Start of Block

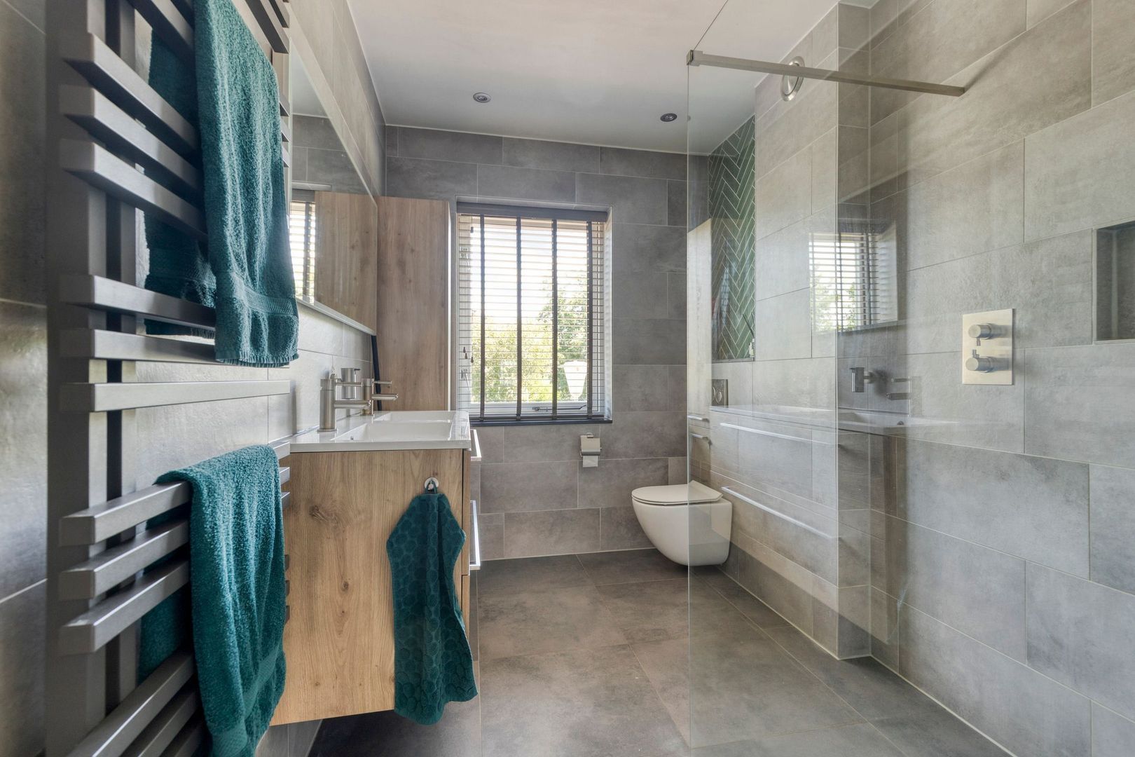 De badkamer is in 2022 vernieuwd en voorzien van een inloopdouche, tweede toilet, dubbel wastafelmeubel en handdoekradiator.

End of Block
Start of Block

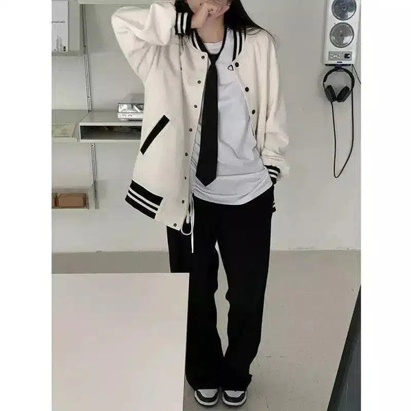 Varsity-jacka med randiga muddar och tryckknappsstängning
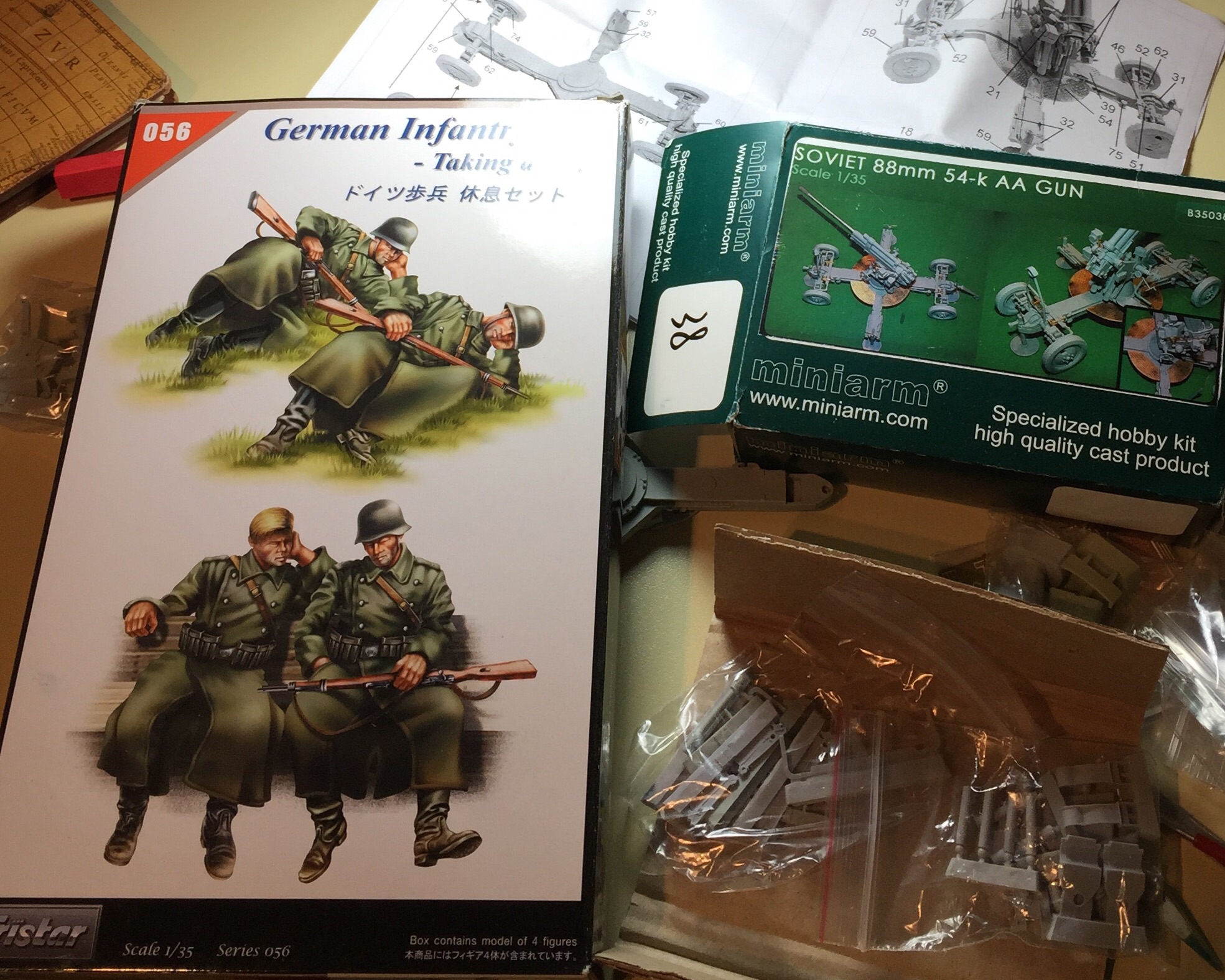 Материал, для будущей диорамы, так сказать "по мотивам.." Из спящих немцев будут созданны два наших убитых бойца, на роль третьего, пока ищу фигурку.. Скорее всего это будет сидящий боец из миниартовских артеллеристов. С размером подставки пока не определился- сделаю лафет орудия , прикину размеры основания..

End of Block
Start of Block

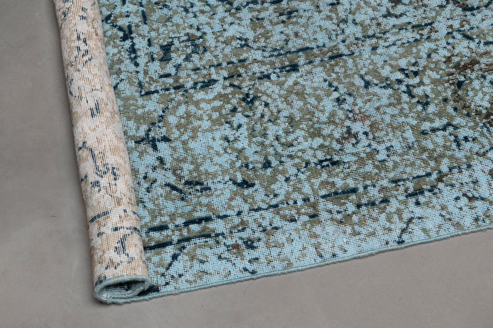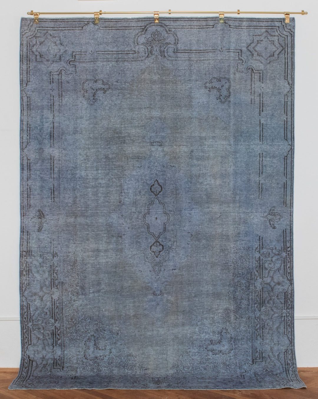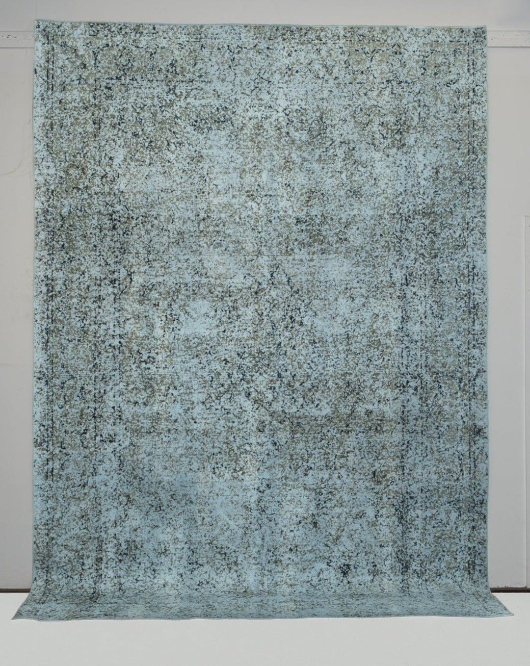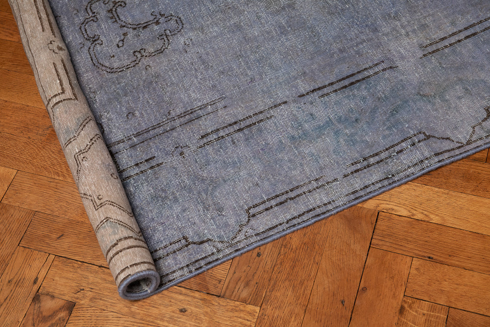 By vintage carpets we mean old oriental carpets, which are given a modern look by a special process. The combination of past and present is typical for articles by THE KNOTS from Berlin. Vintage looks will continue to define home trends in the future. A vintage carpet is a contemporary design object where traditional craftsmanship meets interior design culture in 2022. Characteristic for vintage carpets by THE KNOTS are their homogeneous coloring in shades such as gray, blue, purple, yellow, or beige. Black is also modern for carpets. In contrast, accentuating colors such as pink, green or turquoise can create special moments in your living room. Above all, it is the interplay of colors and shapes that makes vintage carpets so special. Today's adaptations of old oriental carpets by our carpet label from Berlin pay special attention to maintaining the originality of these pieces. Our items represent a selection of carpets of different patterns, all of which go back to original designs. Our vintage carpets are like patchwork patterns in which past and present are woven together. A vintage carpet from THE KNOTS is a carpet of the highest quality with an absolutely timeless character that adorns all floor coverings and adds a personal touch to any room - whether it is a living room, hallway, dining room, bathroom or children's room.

End of Block

What the task requires: The line holding "Varsity-jacka med randiga" starts the copy and the line holding "Материал, для будущей" ends it. Repeat those two lines above and all between them exactly, leaving out pictures.

Solution to this exercise:
 Varsity-jacka med randiga muddar och tryckknappsstängning
 Материал, для будущей диорамы, так сказать "по мотивам.." Из спящих немцев будут созданны два наших убитых бойца, на роль третьего, пока ищу фигурку.. Скорее всего это будет сидящий боец из миниартовских артеллеристов. С размером подставки пока не определился- сделаю лафет орудия , прикину размеры основания..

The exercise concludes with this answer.